Supplied records >>

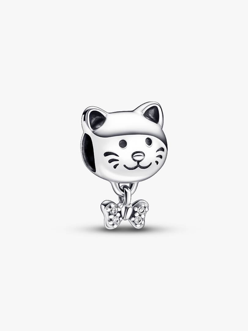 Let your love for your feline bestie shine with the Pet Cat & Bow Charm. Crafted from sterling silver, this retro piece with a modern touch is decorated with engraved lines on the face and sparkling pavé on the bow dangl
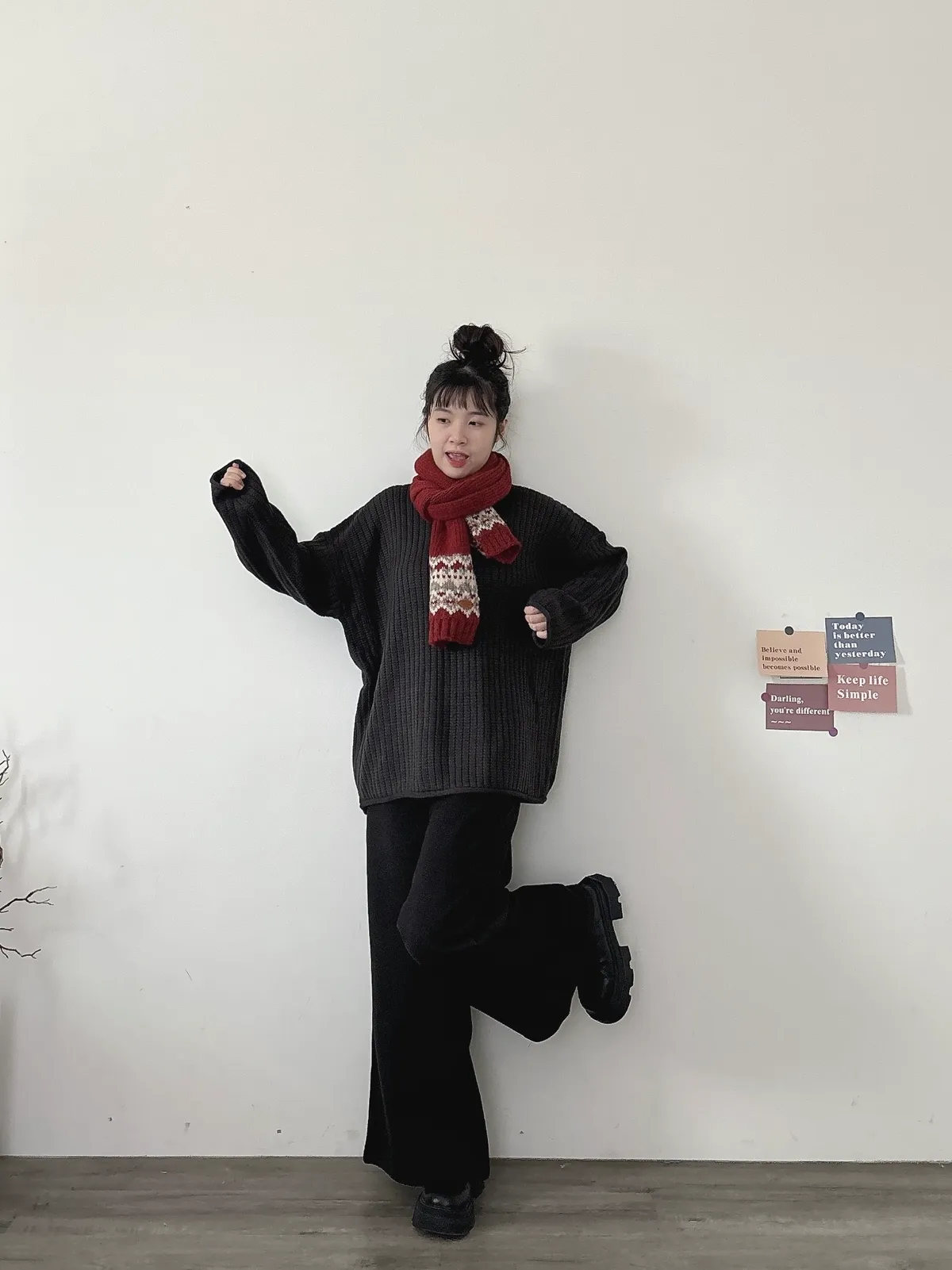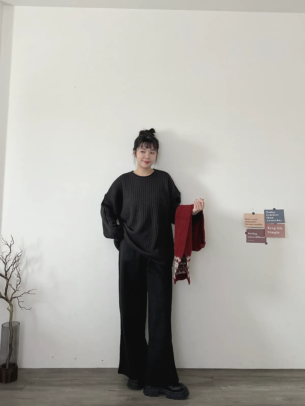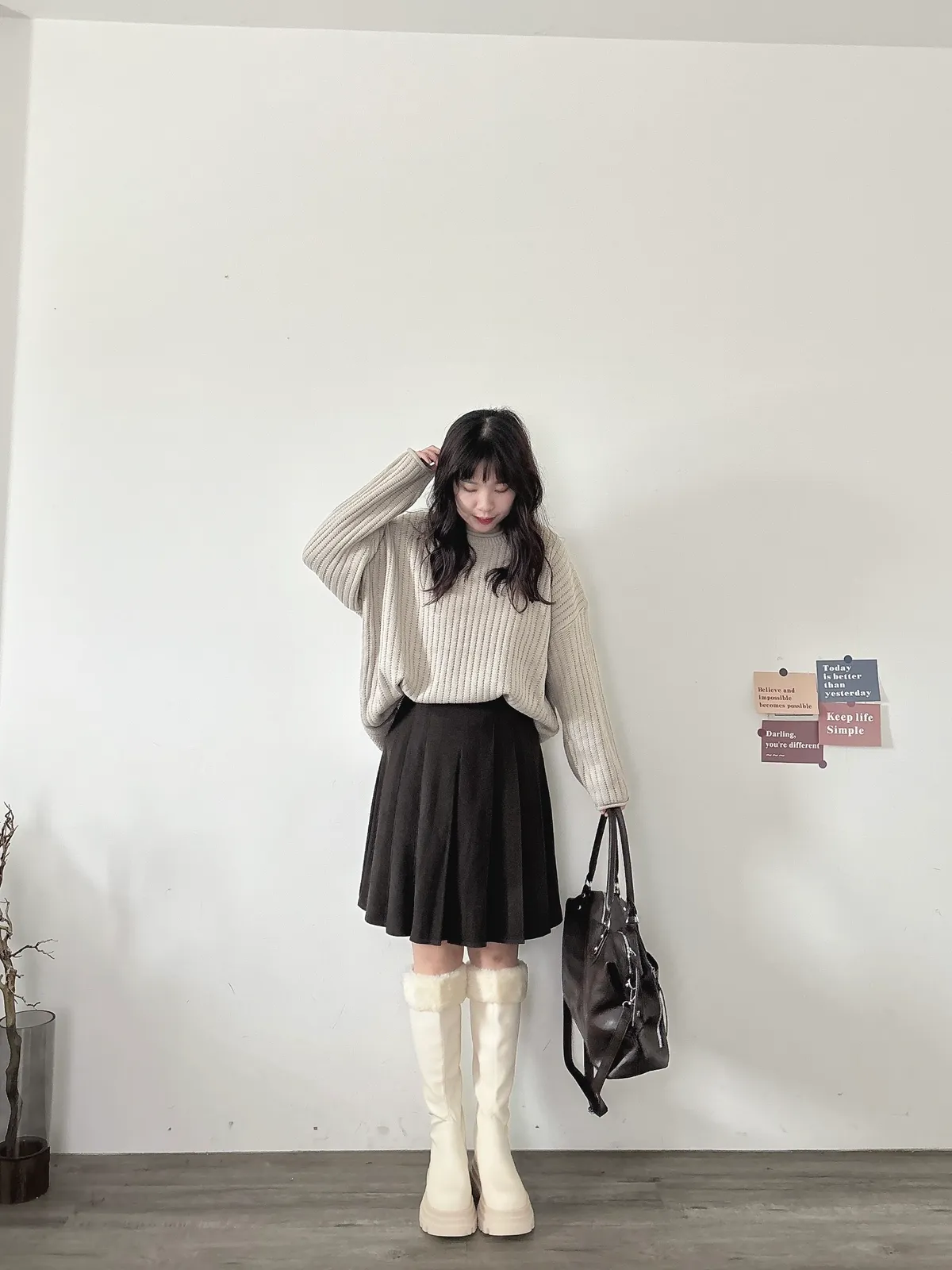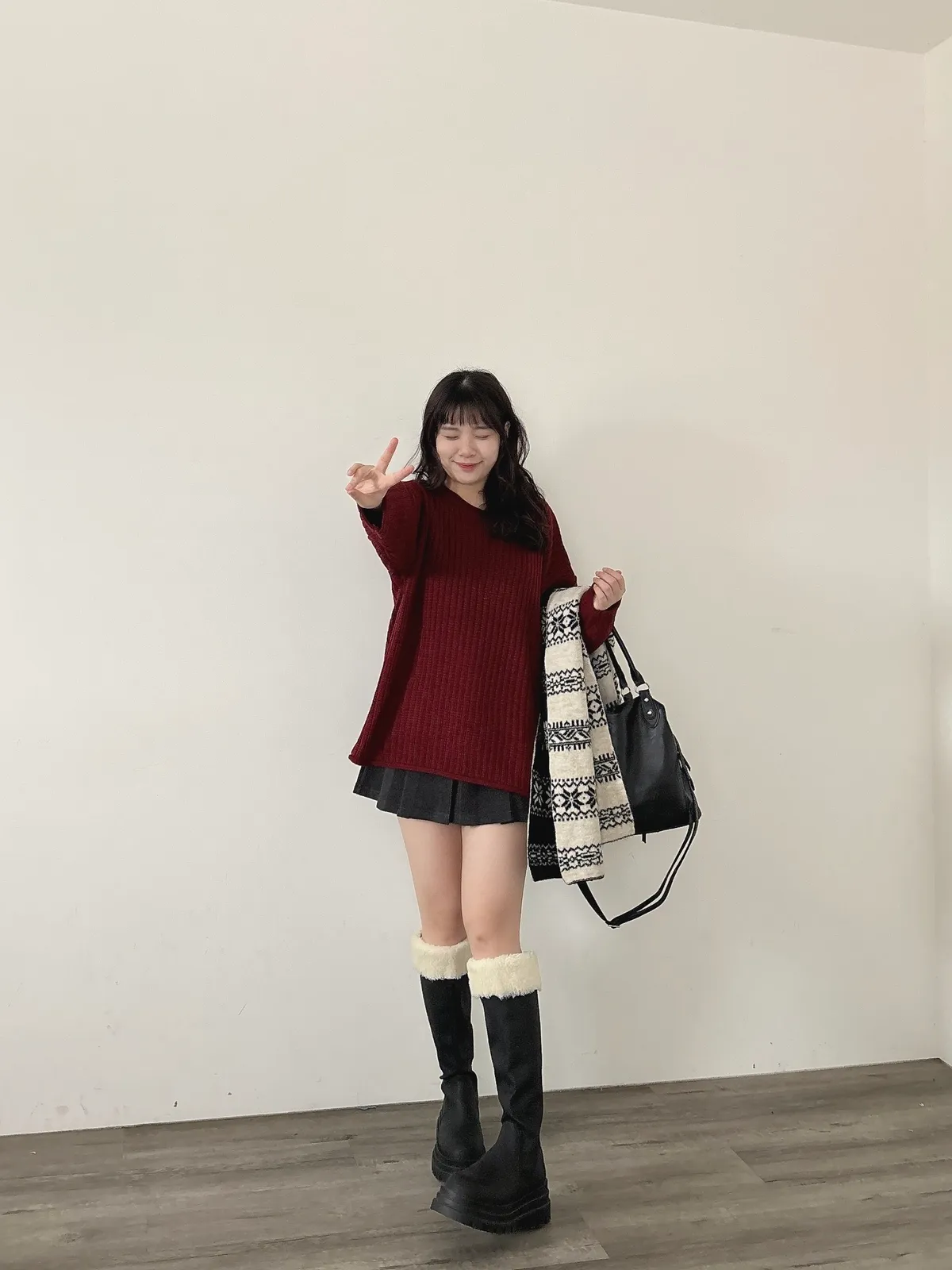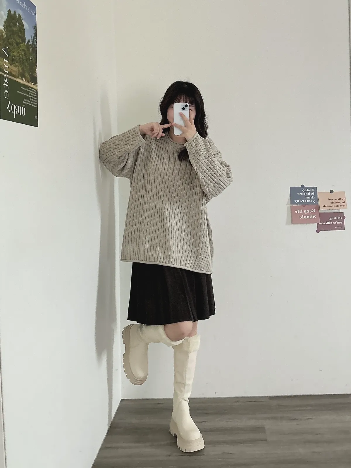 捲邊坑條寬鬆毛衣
--
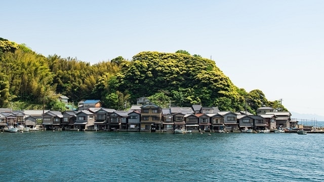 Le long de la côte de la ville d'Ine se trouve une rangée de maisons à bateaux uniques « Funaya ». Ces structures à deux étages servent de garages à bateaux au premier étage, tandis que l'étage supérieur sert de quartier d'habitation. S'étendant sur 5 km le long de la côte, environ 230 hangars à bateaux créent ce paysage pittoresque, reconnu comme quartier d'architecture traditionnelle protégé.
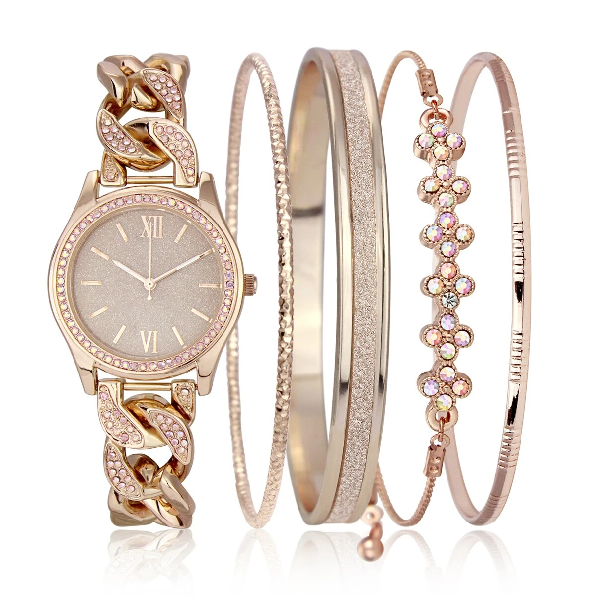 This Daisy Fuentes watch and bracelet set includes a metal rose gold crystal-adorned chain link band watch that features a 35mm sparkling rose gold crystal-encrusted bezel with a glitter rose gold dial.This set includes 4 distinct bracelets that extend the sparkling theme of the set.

Assignment >> Keep to the lines above from the line with "Le long de la côte de" to the line with "This Daisy Fuentes", and set down exactly those, inclusive, with nothing else and every picture left out.

Completed task >>
 Le long de la côte de la ville d'Ine se trouve une rangée de maisons à bateaux uniques « Funaya ». Ces structures à deux étages servent de garages à bateaux au premier étage, tandis que l'étage supérieur sert de quartier d'habitation. S'étendant sur 5 km le long de la côte, environ 230 hangars à bateaux créent ce paysage pittoresque, reconnu comme quartier d'architecture traditionnelle protégé.
 This Daisy Fuentes watch and bracelet set includes a metal rose gold crystal-adorned chain link band watch that features a 35mm sparkling rose gold crystal-encrusted bezel with a glitter rose gold dial.This set includes 4 distinct bracelets that extend the sparkling theme of the set.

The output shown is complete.